Perform cross-validation on MIL data using sklearn. Assume single-instance inference for the bag label

Project description

Bag cross validation

Introduction

Multiple instance labeling (MIL) refers to labeling data arranged in sets, or bags. In MIL supervised learning, labels are known for bags of instances, and the goal is to assign bag-level labels to unobserved bags.

A simple solution to the MIL problem is to treat each instance in a bag as a single instance (SI) that inherits the label of its bag. Each SI in a bag are labeled with a single-instance estimator, and the bag label is reduced from some metric (mode, threshold, presence) of the SI observations. Official terms include presence based, threshold based, or count based concepts (see A two-level learning method for generalized multi-instance problems by Weidmann Nils et. al.).

This package fits into Scikit-learn cross-validation framework, and allows us to use traditional single-instance classifiers to predict on bag-level data for multiple instance labeling.

This package supports:

  1. The usage of scikit-learn estimators in a cross-validation framework for multiple-instance-labeling with bag-label inference from single-instance labels
  2. The use of scikit-learn evaluation metrics with cross-evaluation measured against the MIL problem

Motivation

scikit-learn is a popular tool for data analysis, and includes APIs for SI estimators.
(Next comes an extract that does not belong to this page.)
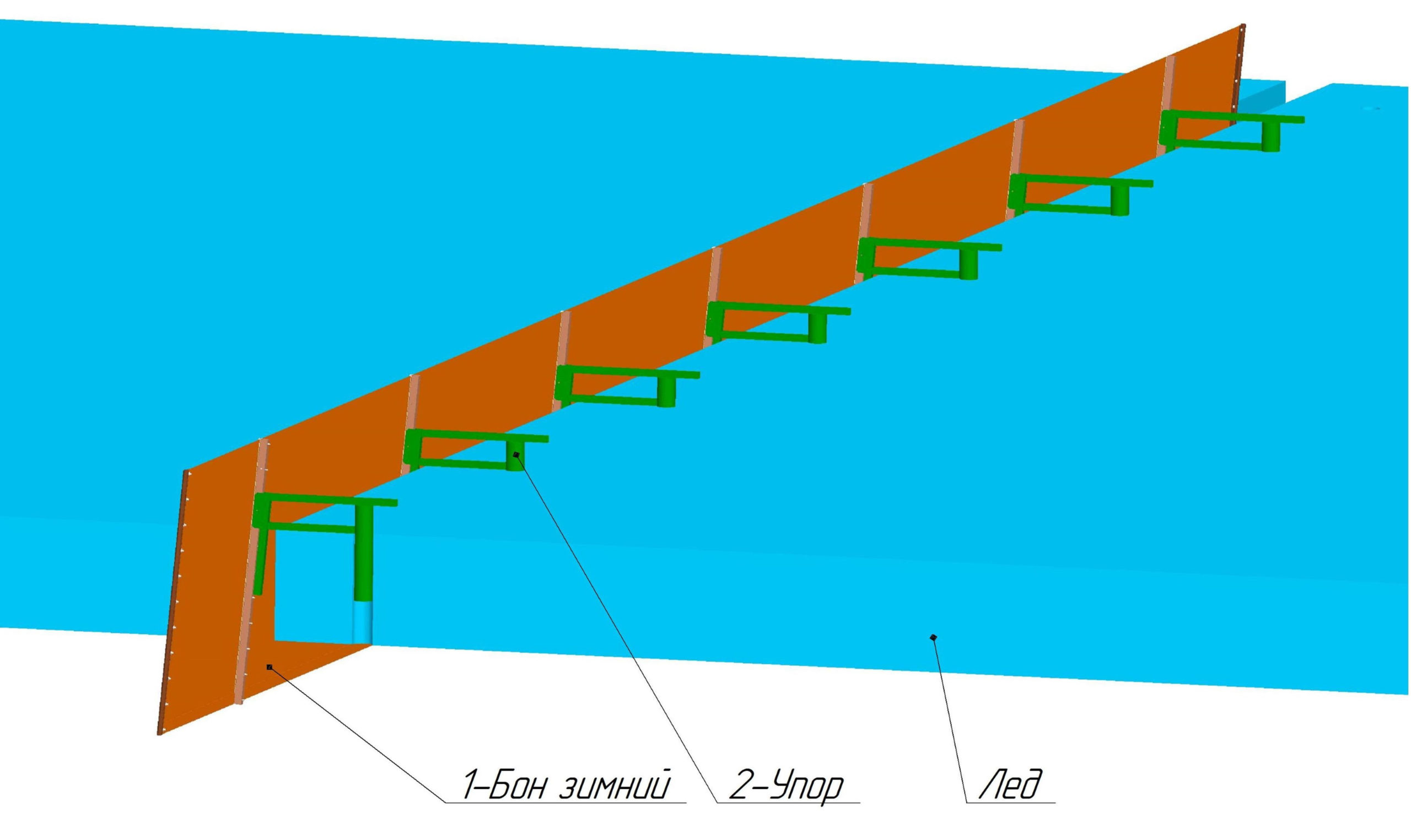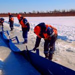 Эксплуатация заграждения должна осуществляться на водоемах со скоростью течения не более 1,0 м/с. и при толщине льда от 0,25 до 0,90 м

It includes a convenient API for evaluating SI estimators, namely cross_validate

This package uses sklearn's cross_validate method and extends it to MIL for SI estimators.

Usage example

# Python imports

# Third party imports
import numpy as np
from sklearn.metrics import accuracy_score, precision_score, jaccard_score
from sklearn.model_selection import ShuffleSplit
from sklearn.dummy import DummyClassifier
from sklearn.neighbors import RadiusNeighborsClassifier
from sklearn.metrics import make_scorer

# Local imports
from bag_cross_validate import cross_validate_bag, BagScorer, bags_2_si

# Global definitions

#%%

# Create some dummy data
"""Generate some dummy data
Create bags and single-instance data
A set of bags have a shape [n x (m x p)], and can be through of as an
array of bag instances.
n is the number of bags
m is the number of instances within each bag (this can vary between bags)
p is the feature space of each instance"""
n_bags = 1000
m_instances = 8 # Static number of bags
p = 5
bags = []
# 25% negative class, 75% positive class
# Bags are created with random data, of shape (n, (m,p))
labels = np.concatenate((np.ones(int(n_bags*0.5)),
                         np.zeros(int(n_bags*(1-0.5))),
                         ))
bags = np.random.randint(low=0, high=2, size=(n_bags, m_instances, p))
print("This is what a bag looks like: \n{}".format(bags[0]))

# Split dummy dataset dataset
rs = ShuffleSplit(n_splits=1, test_size=0.2, train_size=0.8)
train_index, test_index = next(rs.split(bags, labels))
train_bags, train_labels = bags[train_index], labels[train_index]
test_bags, test_labels = bags[test_index], labels[test_index]
        
# Create an estimator
dumb = DummyClassifier(strategy='constant', constant=1)
radiusNeighbor = RadiusNeighborsClassifier(weights='distance', 
                                           algorithm='auto',
                                           p=1, # Manhattan distance
                                           )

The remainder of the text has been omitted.